01 March 2019

In a Blue Haze

Adrift on the Nile
Naguib Mahfouz
Anchor, 1994
Arabic original pub. 1966
176 pages


I picked up this slight book for only $1 at a used book sale somewhere. Mahfouz is a Nobel Prize winner and I've wanted to read some of his work, so it seemed like a perfect chance to dip a toe into modern Egyptian fiction. And at least one reviewer wrote that it was a good introduction to Mahfouz.

Very little actually happens until the closing chapters. The bulk of the book consists of a group of thirtysomething friends in Cairo sitting around a water pipe smoking a mixture of tobacco and kif (marijuana). The friends have long conversations, some coherent some not, about politics, the meaning of life, the absurd, and their lives in 1960s Egypt.

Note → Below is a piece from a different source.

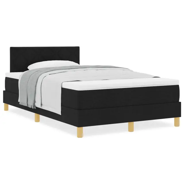 Ta postelja z vzmetnico združuje moderen slog in praktičnost, kar jo naredi idealno za sproščujoč kotiček v spalnici. Obkrožena s stilno črno tkanino, ki se prilega vsakemu dekorju, je perfektna za odrasle, ki želijo stil in udobje v svojem prostoru.

http://www.amazon.com/exec/obidos/ASIN/9780385423335/ref=nosim/webxina/

The main character is Anis, who rents the houseboat on the Nile where they convene every night for their smoking, talking, flirting, and philosophizing. He is always under the influence of the kif, even at his boring government office job, and we see a lot of the story through his narcotic daze. It's a stream-of-consciousness or rather stream-of-stoned-consciousness style that can get confusing because the narration switches from that back to the omniscient narrator. Much of his internal dialogue drops hints that he is well-read in classical literature and mythology. He even hallucinates a whale, which might be Moby Dick. At the end an incident happens which leads to the breakup of the group. As the book ends, Anis is drifting off into his own hazy world once again.

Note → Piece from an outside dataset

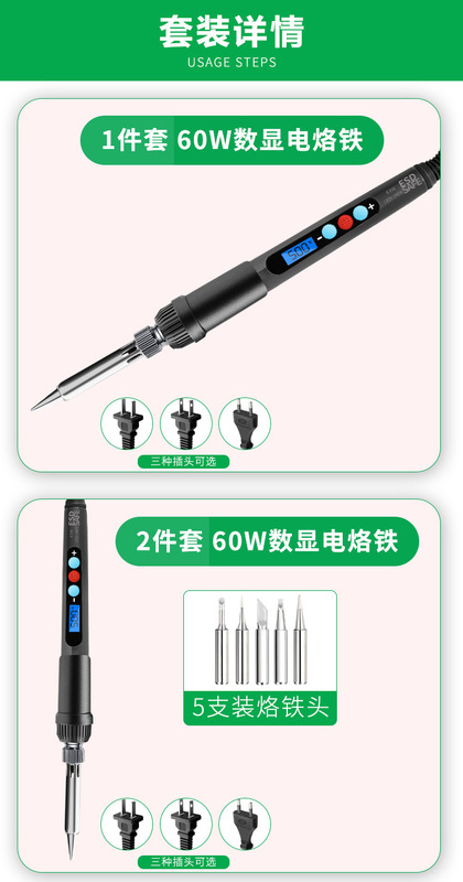 - Model: (Digital display model 2-piece set) European standard electric soldering iron (60W/220V): electric soldering iron + 5 soldering iron tips

I was quite surprised by this book. I wasn't expecting something so absurdist and full of druggies talking nonsense. It sort of gave me a flashback to the late 60s in the US; I knew people who did the identical thing in college, minus the water pipe and the houseboat. Reading it got a bit tedious after a while; luckily it's short. But it was enlightening that people so far away were simultaneously having the same sort of reactions to the world as college students in the US. Since so much of the book is dialogue, I could see this staged as a play, with soliloquies on the side by Anis, ala Shakespeare.

One surprising fact I learned: they have evergreen trees in Cairo! I guess I thought they only had palm trees.

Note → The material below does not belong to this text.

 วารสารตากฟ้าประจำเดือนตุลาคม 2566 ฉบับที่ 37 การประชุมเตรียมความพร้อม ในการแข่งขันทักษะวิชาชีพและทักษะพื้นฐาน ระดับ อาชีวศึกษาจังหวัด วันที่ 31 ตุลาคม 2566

Mahfouz has written in many different styles and formats, with much of it translated into English. Will I read more Mahfouz? Yes. I also scored a book of his short stories for $1, and I plan on reading that one.  As for his many novels, I will have to do some research in the reviews and find one that sounds appealing.

I enjoy reading books in translation because you usually get different perspectives on things. Although sometimes you are surprised and find more similarities than you imagined. This is my entry for the Back to the Classics 2019 Challenge, in the Classic Novella category.